Die Markierung der Zellen erfolgt bei dieser Methode in zwei Schritten und funktioniert für ganz unterschiedliche Zelltypen, beispielsweise Tumor- oder Entzündungszellen: Zuerst werden die Zellen genetisch verändert, so dass sie auf ihrer Oberfläche ein sogenanntes SNAP-tag-Enzym bilden, das nur auf diesen Zellen zu finden ist. Dieses wird dann mit einem passenden SNAP-tag-Substrat zusammengebracht. Das Substrat ist mit einem Signalgeber markiert und chemisch so aufgebaut, dass es von dem Enzym erkannt und gespalten wird und der Signalgeber dabei auf das Enzym übertragen wird. Das Enzym verändert sich dabei so, dass es nicht weiter aktiv ist und der Signalgeber somit fest daran gekoppelt bleibt. „Durch seine biologische Aktivität markiert sich das SNAP-tag-Enzym sozusagen selbst – das geht sehr schnell und ohne die natürlichen Vorgänge im Organismus zu stören“, erklärt Dominic Depke, Biologiedoktorand und einer der federführenden Autoren der aktuellen Studie.

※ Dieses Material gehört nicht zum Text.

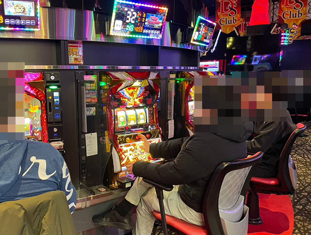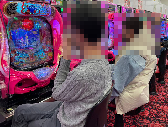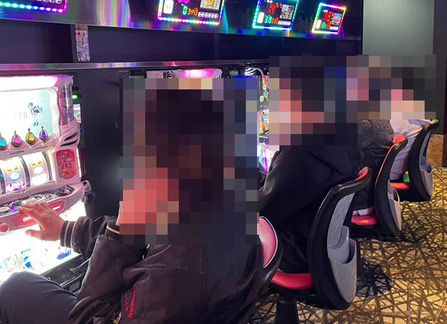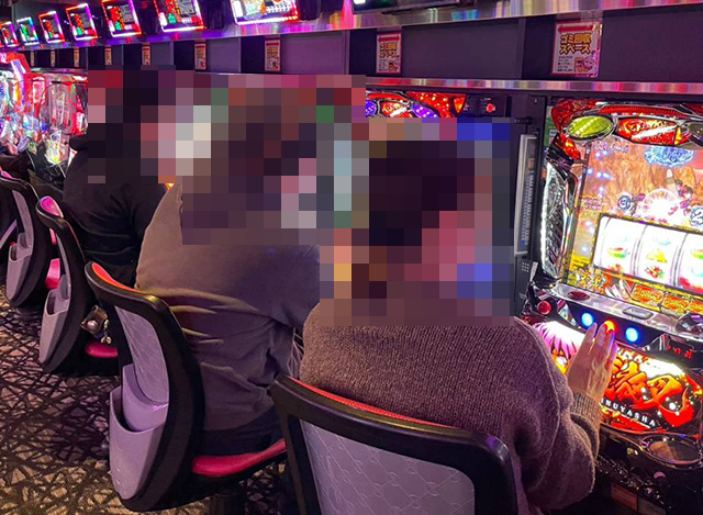 「マイジャグラーV」と「アイムジャグラーEX」のそれぞれに、うれしそうに遊技をおこなう姿が並び、明るい雰囲気が感じられたよ。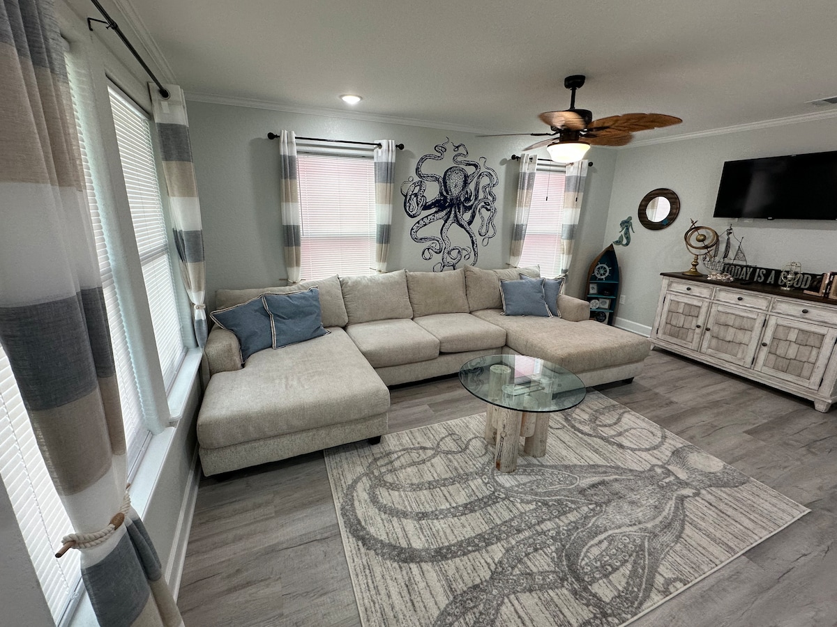 DECEMBER OFF PEAK DISCOUNTS!! This charming beach house is perfectly designed for families & relaxed coastal getaways, this bright and inviting home features tasteful beach-inspired décor throughout. Step outside to enjoy four spacious decks offering breathtaking views of both the Gulf and the bay — ideal for morning coffee or sunset cocktails.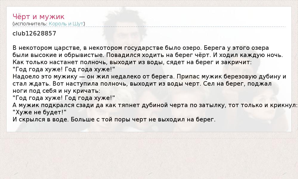 А как ты думаешь, о чем песня "Чёрт и мужик" ?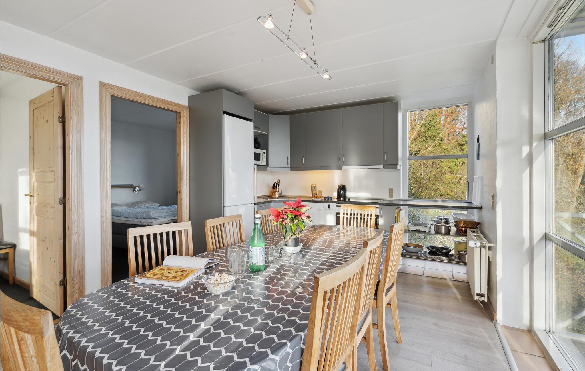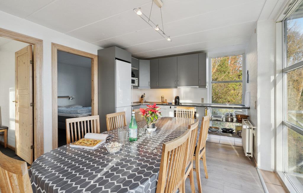 Oplev en ferie i dette imponerende tre-etagers feriehus i Rønshoved, tegnet af en arkitekt. Nyd den betagende panoramaudsigt over Flensborg Fjord, som er direkte synlig fra husets rummelige værelser og altaner. Huset byder på funktionel og komfortabel indretning, der vil glæde både familier og par. Den lyse stue med højt til loftet og store glasfronter inviterer til at blive hængende. Føl jer godt tilpas foran pejsen eller brug de komfortable sofaer til afslappende aftener. Det moderne, åbne køkken giver mulighed for at fremtrylle kulinariske lækkerier, som I så kan nyde ved det store spisebord med udsigt til vandet.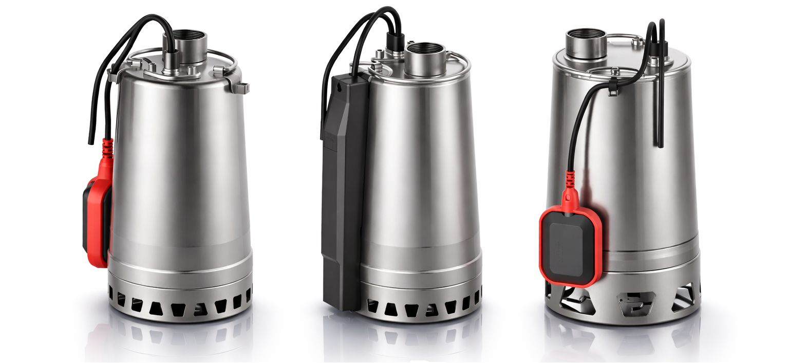 📌 Galimi modeliai su plūdiniu jungikliu (SA) arba su talpiniu davikliu (SE), leidžiančiu automatizuoti siurblio veikimą.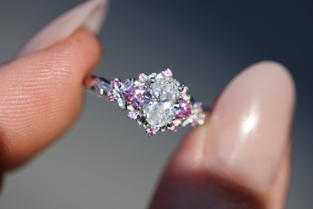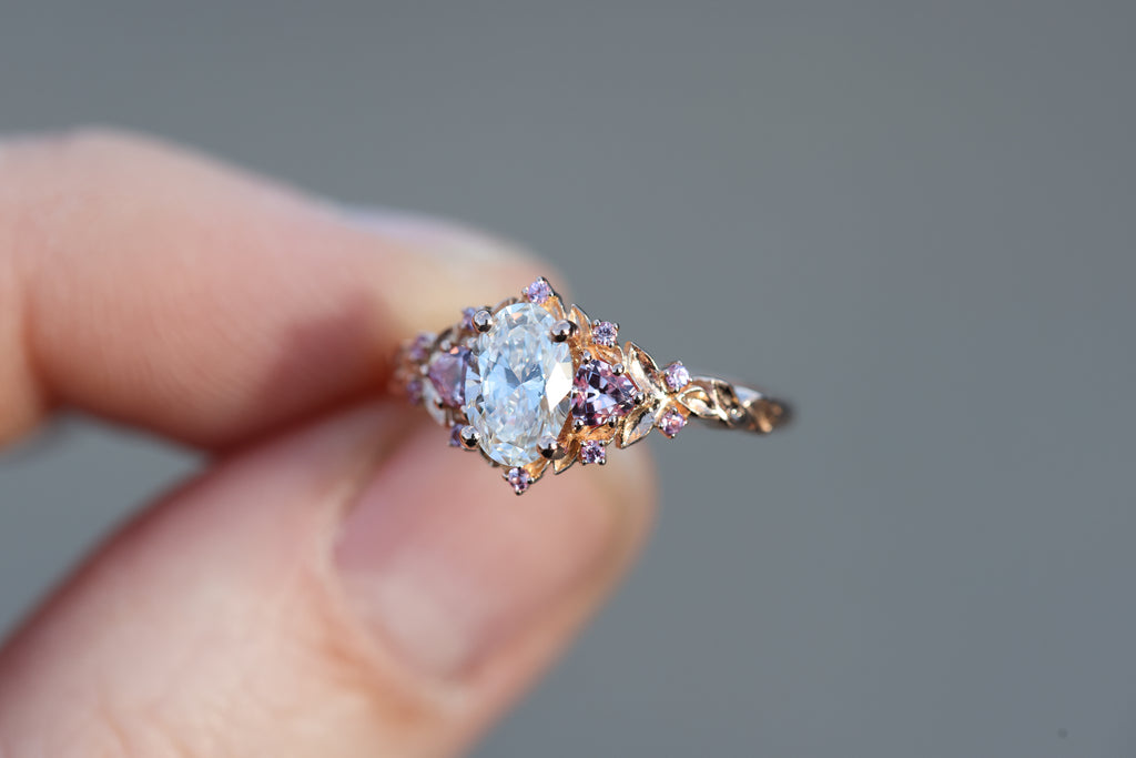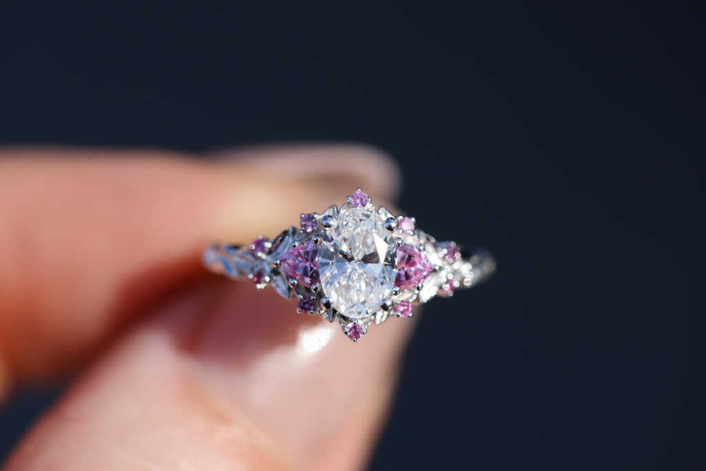 - 7x5mm oval lab diamond center (DEF color, VS2 or better)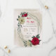 Unique save the date card featuring romantic red and pale yellow flowers and green leaves botanical geometric frame.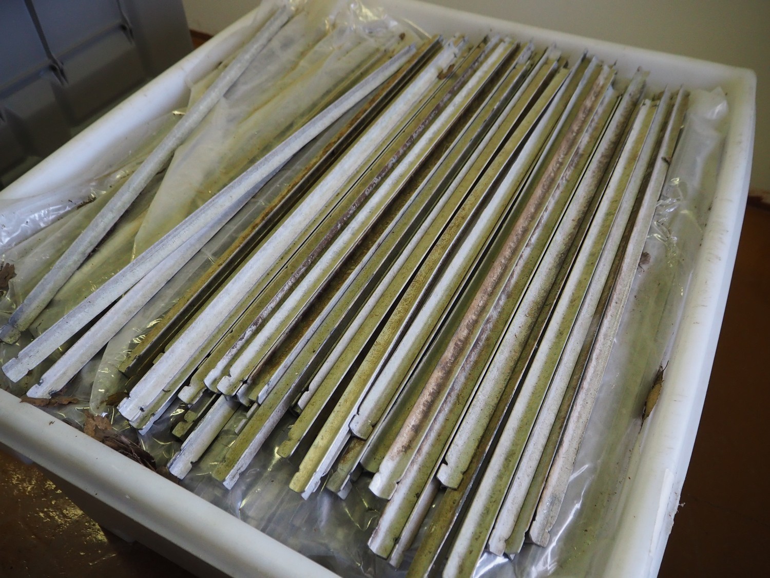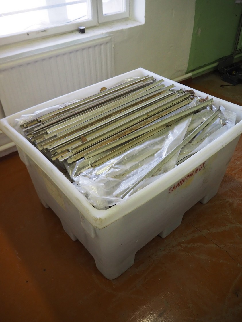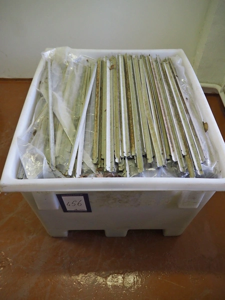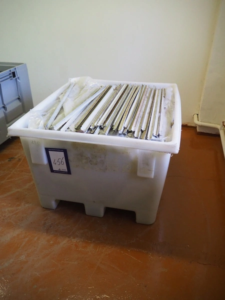 Plastic pallet box with large amount of aluminium smoke sticks, Y-profile, length: 940 mm, dimensions pallet box: 1200 mm x 1000 mm x 700 mm.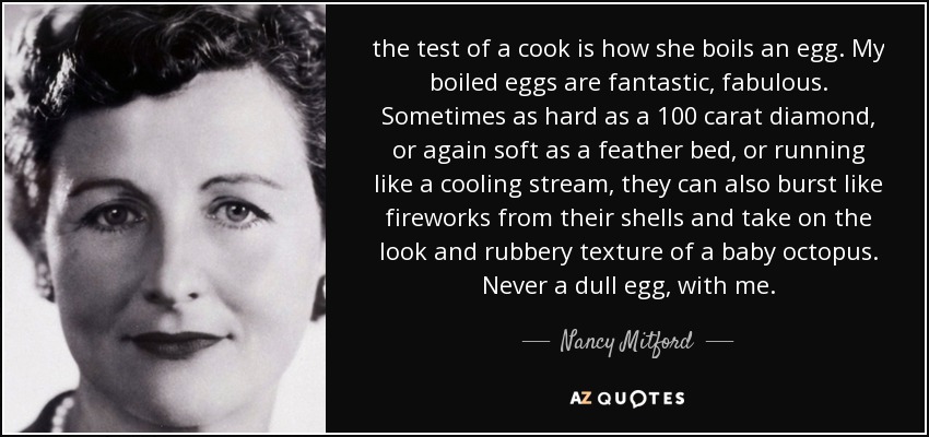 the test of a cook is how she boils an egg. My boiled eggs are fantastic, fabulous. Sometimes as hard as a 100 carat diamond, or again soft as a feather bed, or running like a cooling stream, they can also burst like fireworks from their shells and take on the look and rubbery texture of a baby octopus. Never a dull egg, with me.

Als Signalgeber für die Mikroskopie werden fluoreszierende Farbstoffe verwendet. Diese sind für die Ganzkörperbildgebung jedoch kaum geeignet, da ihre Signale durch dickere Gewebeschichten gestreut werden und sich dann nicht mehr messen lassen. Die Wissenschaftler synthetisierten daher ein neues SNAP-tag-Substrat mit dem radioaktiven Signalgeber Fluor-18. Das Substrat wird über den Blutkreislauf in den Organismus injiziert, und es gelang dem Team, damit Tumorzellen im Organismus von Mäusen zu markieren und mit PET-Bildgebung sichtbar zu machen. „Das Spannende an der SNAP-tag-Technologie ist für uns, dass sie die Perspektive eröffnet, genetisch kodierte Zellen im Körper mit unterschiedlichen Bildgebungsmodalitäten und in verschiedenen zeitlichen Stadien sichtbar zu machen – wir nennen das multiskalige Bildgebung“, erklärt der Nuklearmediziner Prof. Dr. Michael Schäfers. „Radioaktive Signale von Fluor-18 bleiben nur für kurze Zeit stabil“, ergänzt der Radiochemiker Dr. Christian Paul Konken, „da wir den zweiten Schritt der Markierung aber wiederholen können, können wir dieselben Zellen potenziell über Tage und Wochen immer wieder sichtbar machen.“ Mit dem hohen Detailgrad der Mikroskopie lässt sich untersuchen, wie einzelne Zellen miteinander kommunizieren. Der Gesamtblick der Ganzkörperbildgebung erlaubt es, zu beurteilen, wie diese Zellen als Teil ganzer Organsysteme funktionieren. Im zeitlichen Verlauf kann sich zeigen, welche Rolle einzelne Zelltypen beispielsweise bei einer Entzündung spielen, wenn sie beginnt, anhält und wieder abklingt. „Erst wenn wir all diese Informationen vereinen, können wir verstehen, wie im Körper alles miteinander zusammenhängt“, sagt Michael Schäfers.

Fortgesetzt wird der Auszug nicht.